Vanaf San Roque gaat het over de bergruggen naar beneden langs Hospital, met een venijnig klimmetje naar de Alto do Poio op 1335 m hoogte en het laatste echt hoge punt tot Santiago. Vanaf O Cebreiro waren dit 9 loodzware kilometers.

SDC11559

Alto do Poio

Het is nu zaak de berg zo vlug mogelijk af te komen naar beneden waar het warmer moet zijn. Door het ploeteren met het klimmen gaat een natte rug samen met de indringende koude, waarbij de handschoenen en overschoentjes te weinig bescherming bieden; geen fijne combinatie! Triacastela ligt al gauw een 700 m lager en dat maakt veel uit. Het jack goed winddicht gesnoerd wordt begonnen aan een pijlsnelle afdaling. Een enkele keer stop ik voor een foto. Als halverwege wat blauwe bloemetjes worden gefotografeerd, passend bij de kou, komen de drie Spanjaarden weer langs, verbaasd kijkend. Een vraagt of het goed gaat wat natuurlijk beaamd wordt.

 

SDC11560

Zo gauw mogelijk omlaag!

SDC11561

Blauwe bloemetjes passend bij de kou

De afdaling naar Triacastela is 14,5 km lang over de Carretera, die gelukkig praktisch verlaten is, zodat zwabberen over de weg met zijn stikke bochten geen probleem is. De snelheid loopt zo nu en dan naar de 70 km zodat bijgeremd moet worden om het niet te link te maken. Vooral de laatste kilometers stijgt de luchttemperatuur tot een bijna behaaglijke waarde. Het laatste stuk wordt zo het stadje ingereden, waar aan de linkerzijde Albergue del Refugio del Oribio zit. Meteen steek ik hier aan. De drie Spanjaarden zitten hier ook en klappen dat het allemaal goed gelukt is.

SDC11562

Triacastela

Bestand: Escudo de Triacastela.svg

Ooit stonden hier 3 Keltische versterkingen

De refugio is behoorlijk vol en particulier, maar een bed wordt op een bijna volle zaal verkregen.
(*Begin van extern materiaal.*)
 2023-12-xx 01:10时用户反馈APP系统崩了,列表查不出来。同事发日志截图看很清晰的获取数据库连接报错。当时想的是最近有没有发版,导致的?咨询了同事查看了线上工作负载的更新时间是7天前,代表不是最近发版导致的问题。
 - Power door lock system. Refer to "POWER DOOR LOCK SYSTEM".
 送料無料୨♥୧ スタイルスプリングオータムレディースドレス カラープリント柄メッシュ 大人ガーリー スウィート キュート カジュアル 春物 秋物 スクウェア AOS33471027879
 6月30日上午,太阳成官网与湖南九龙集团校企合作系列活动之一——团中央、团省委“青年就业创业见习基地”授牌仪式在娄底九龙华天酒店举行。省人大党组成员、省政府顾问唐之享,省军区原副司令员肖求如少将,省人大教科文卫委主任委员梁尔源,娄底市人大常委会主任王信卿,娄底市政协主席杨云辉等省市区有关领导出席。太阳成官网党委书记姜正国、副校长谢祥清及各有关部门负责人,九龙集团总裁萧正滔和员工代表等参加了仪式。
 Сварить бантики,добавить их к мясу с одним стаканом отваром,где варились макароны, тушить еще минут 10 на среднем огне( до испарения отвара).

De douche is weliswaar nat op de vloer, maar heerlijk warm waar je onherroepelijk van opknapt. De fiets staat onder in de garage dus veilig uit zicht. In het keukentje zijn Pelgrims in de weer met de onvermijdelijke macaroni. Iets verderop zit een Café met op zijn typisch Spaanse manier een Resto. In de Comodor kan aansluitend na het pilsje een heerlijk Menu Peregrino gegeten worden. In bed is het gelukkig goed warm na de 88 km vandaag. Zonder twijfel één van de zwaarste etappes, ook al door de koude. 2536 km van huis klinkt toch een heel eind ondertussen!